— Activity —
Set down, unchanged, the line holding "Vẻ đẹp của thầy" and all lines that follow it to the end of the material, leaving pictures out.

— Supplied material —
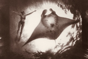 'Zonder woorden' is een werkje dat maakte met zeewater uit de waddenzee en inkt.
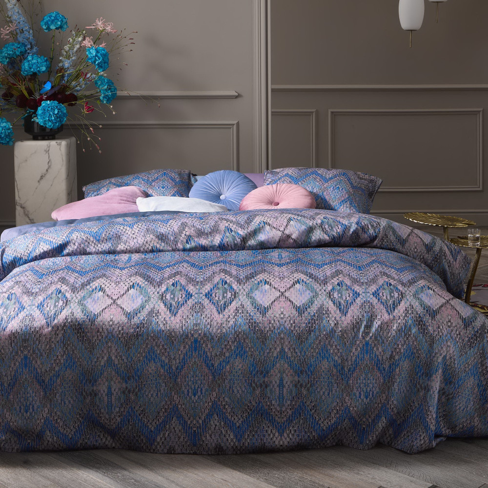 Luxusní povlečení s ornamenty připomínajícími hadí kůži v modro šedo růžových odstínech. Potisk odpovídá fotografiím. Prohlédněte si důkladně detailní fotografie, které zachycují krásu a jedinečnost tohoto povlečení. Ložní souprava se pyšní precizním potiskem a krásnými dlouhotrvajícími barvami.
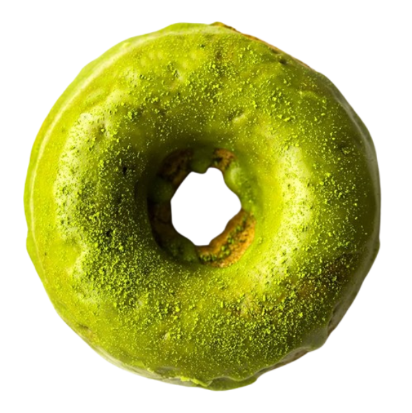 Donut dengan glasir matcha dan taburan crunchy di atasnya. pahit manis khas teh hijau yang alami, dan cocok sekali untuk para pecinta matcha
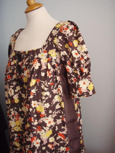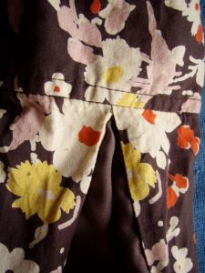 Despite being smock-shaped, this blouse was too narrow across the upper chest. I decided to put a panel in all the way up from the hem to the cuffs. Typically, in my studio of a million miles of fabric, I hadn’t got any brown cotton. Nope, not a bit. I had to use silk crepe de chine, which was NOT an ideal choice. But it does mean I have silky underarm stripes now.
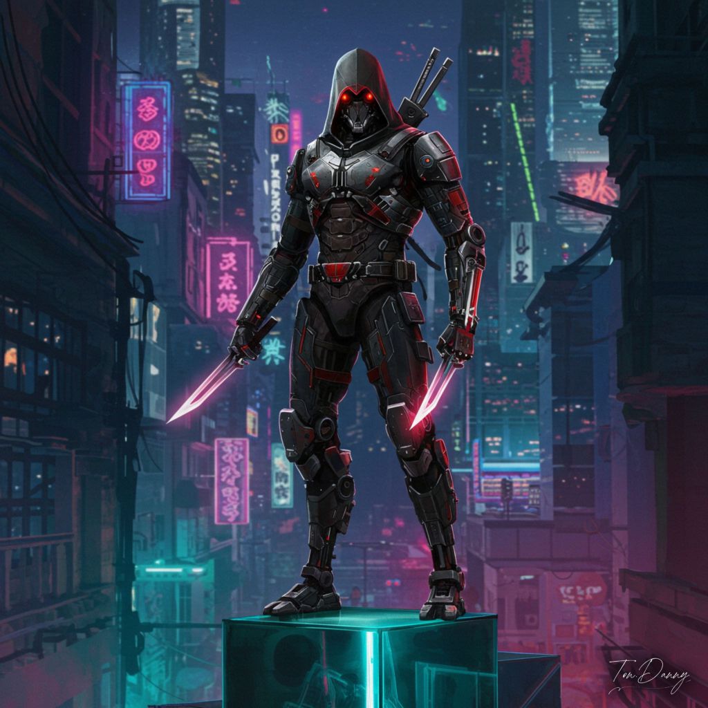 Oil Painting Assassin-shaped Robot Cyberpunk Style The robot stands silently atop a glass monument bathed in neon shadows, its lightweight Black and Crimson armor tailored for speed and precision. Its arms are equipped with dual plasma daggers, while a retractable energy blade is mounted on its forearm. The headpiece is sleek and angular, with glowing red optics designed for night vision. The background features a Cyberpunk cityscape filled with towering neon-lit skyscrapers and shadowy alleys.
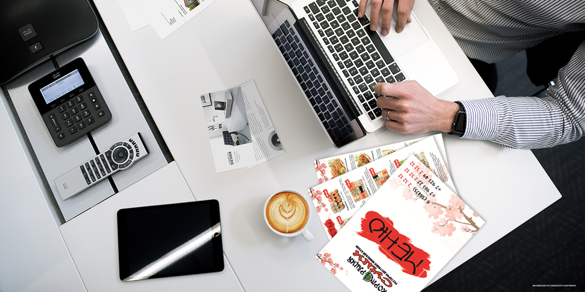 В меню повторяется цветовая гамма визиток, а также используются элементы общего стиля ресторана (шрифты, цвета).
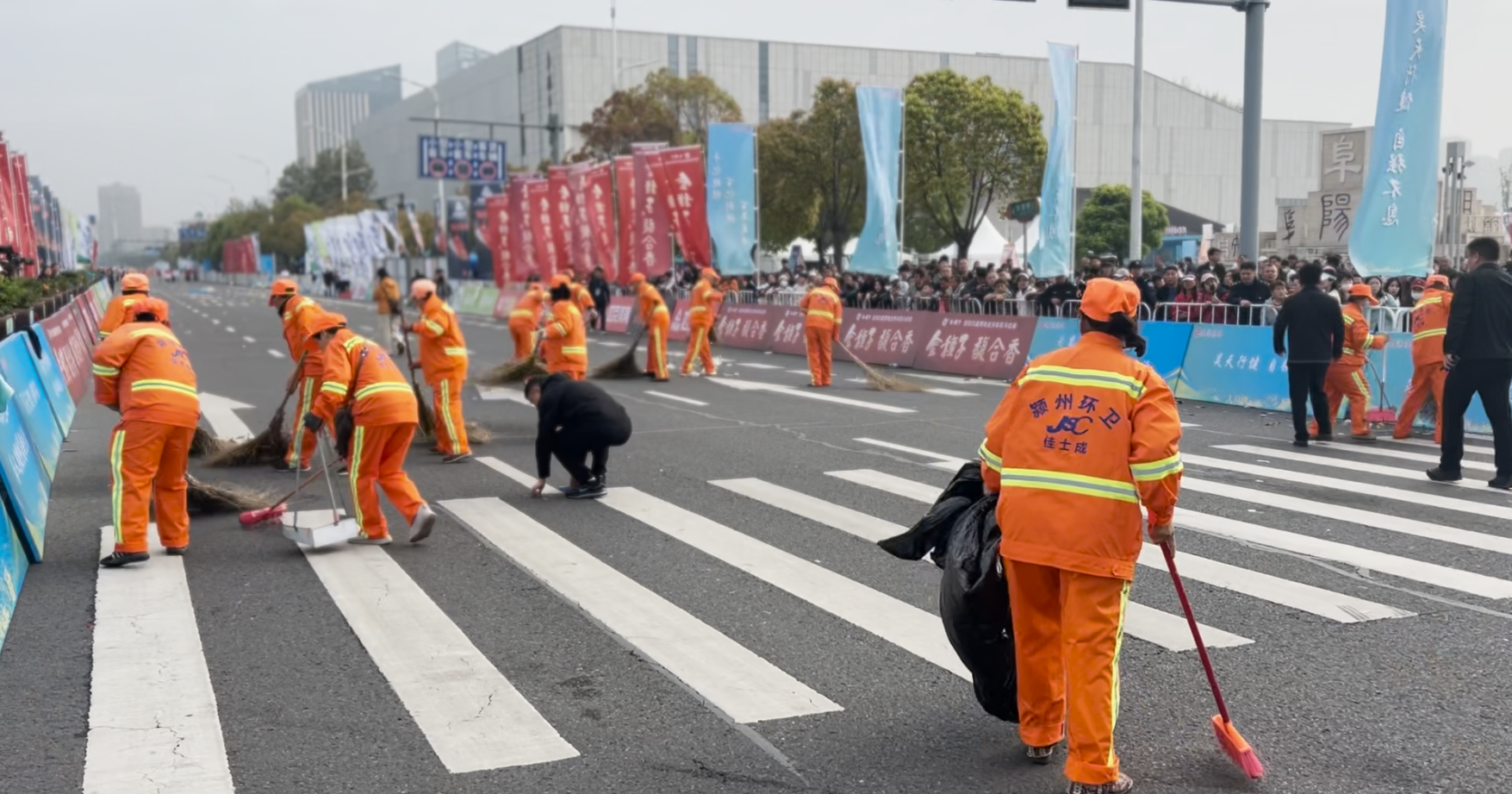赛后“极速还原”:跑者散去,城市依然清爽
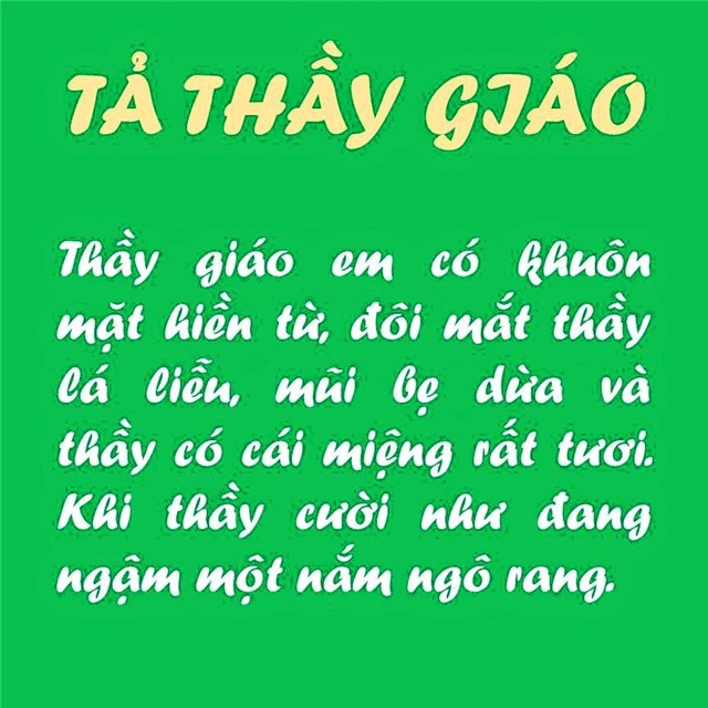 Vẻ đẹp của thầy giáo được miêu tả thật... khó hình dung.
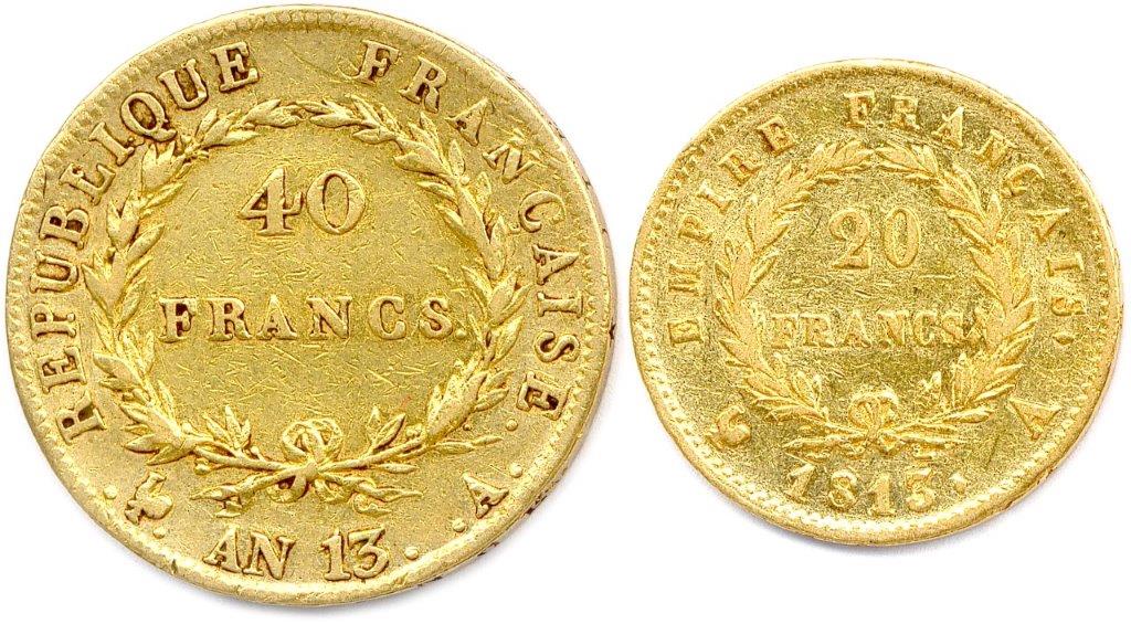 40 Francs (tête nue) an 13 Paris et 20 Francs (tête laurée) 1813 Paris.

— Expected answer —
 Vẻ đẹp của thầy giáo được miêu tả thật... khó hình dung.
 40 Francs (tête nue) an 13 Paris et 20 Francs (tête laurée) 1813 Paris.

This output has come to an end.